Это событие заставило меня ещё раз оценить совет Антона Семеновича — не упускать
из внимания ни одной детали колонийского быта. В самом деле, как легко было бы
своевременно предотвратить этот взрыв!
Но, кроме того, история с порохом показала, что и я и воспитатели совсем упустили из
виду необходимость подготовиться к встрече Антона Семеновича, и в этом деле, которое
имело ведь и несомненное педагогическое значение, инициатива оказалась в руках ребят. И
тут я вспомнил еще один совет Макаренко: не плестись на поводу у колонистов, а вести их за
собой!
– 13 –
Стремясь исправить свое упущение, я поставил вопрос о встрече на общем собрании.

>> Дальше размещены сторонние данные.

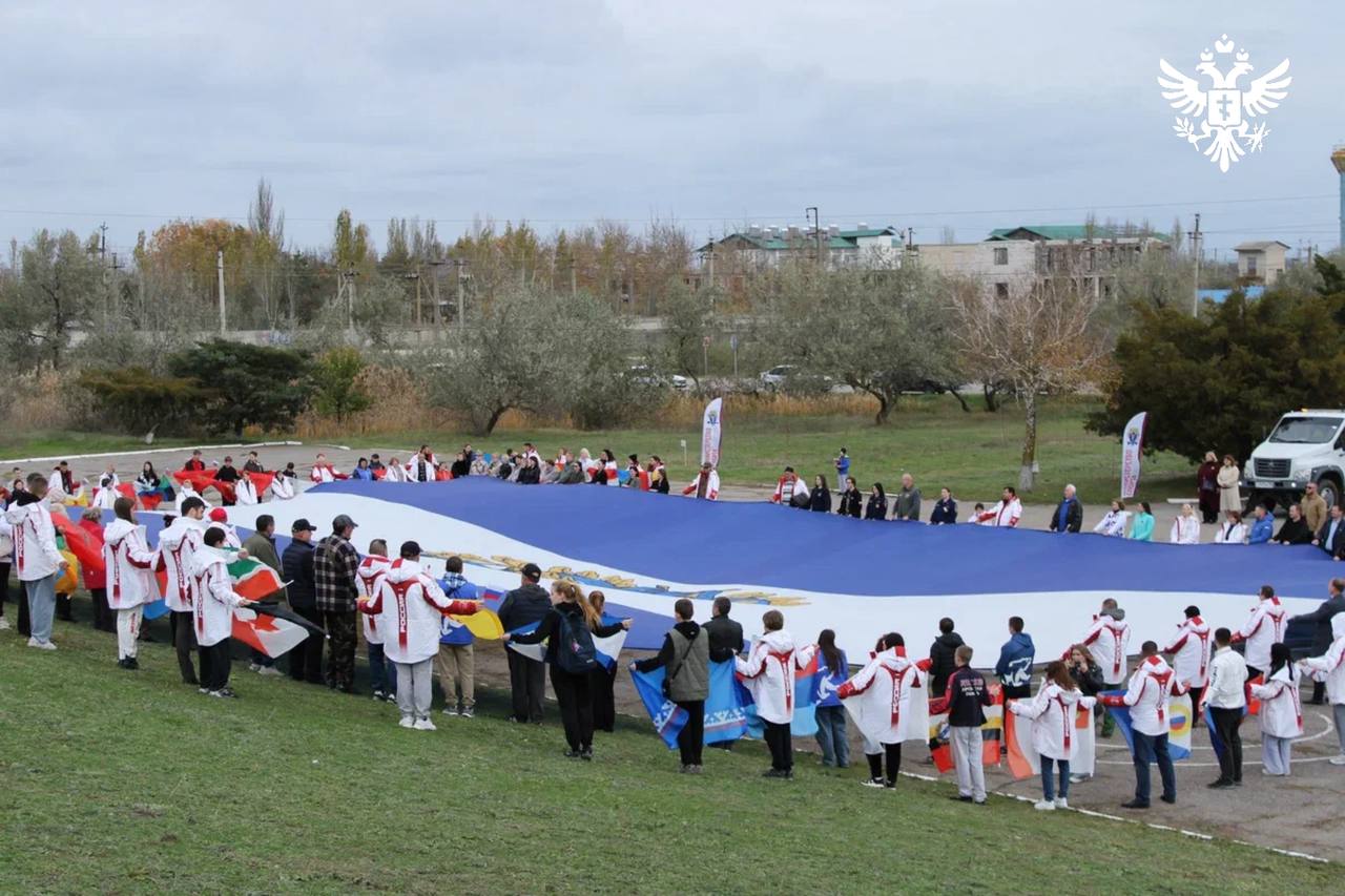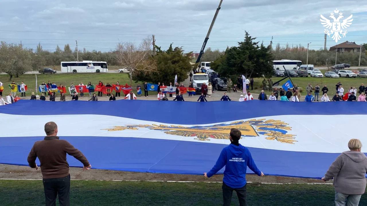 В преддверии Дня народного единства в селе Геническая Горка состоялась масштабная патриотическая акция «Энергия двух морей». Её центральным событием стало разворачивание 800-метрового флага Херсонской области, в котором приняли участие более 500 человек.
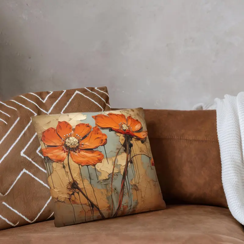 Daisy Flower Print Pillow: Orange & Abstract Floral Comfort

Решено было встретить Антона Семеновича в строю, а на станцию послать делегацию.
Пальбу из самопалов после долгих прений все-таки отменили.
Телеграмма о приезде Антона Семеновича всколыхнула колонию и обсуждалась всеми
— от мала до велика. Поезд прибывал в Полтаву рано утром. На станцию поехали в двух
санях; одни предназначались для Антона Семеновича, в других — отправилась делегация.
Задолго до возвращения саней все ребята были уже во дворе. Высланный навстречу верховой
два раза подымал ложную тревогу, но наконец примчался с клятвенным заверением, что «по-
настоящему едут». Все колонисты выстроились, и наступила тишина. Но удержать ребят в
строю не удалось. Едва только Антон Семенович вышел из санок, как колонисты бросились к
нему. Ряды смешались, раздалось громогласное «ура», и мой рапорт потонул в гуле
восторженных криков. Попытка Антона Семеновича внешне сохранить спокойствие никого
не могла обмануть. Все его жесты, все слова говорили о бесконечной радости, о глубокой
душевной взволнованности.
Остаток дня Антон Семенович неутомимо бродил по колонии, заглядывал во все ее
уголки и без конца беседовал с ребятами. Я видел, что ему не терпелось тотчас уловить
перемены, которые могли произойти в его отсутствие.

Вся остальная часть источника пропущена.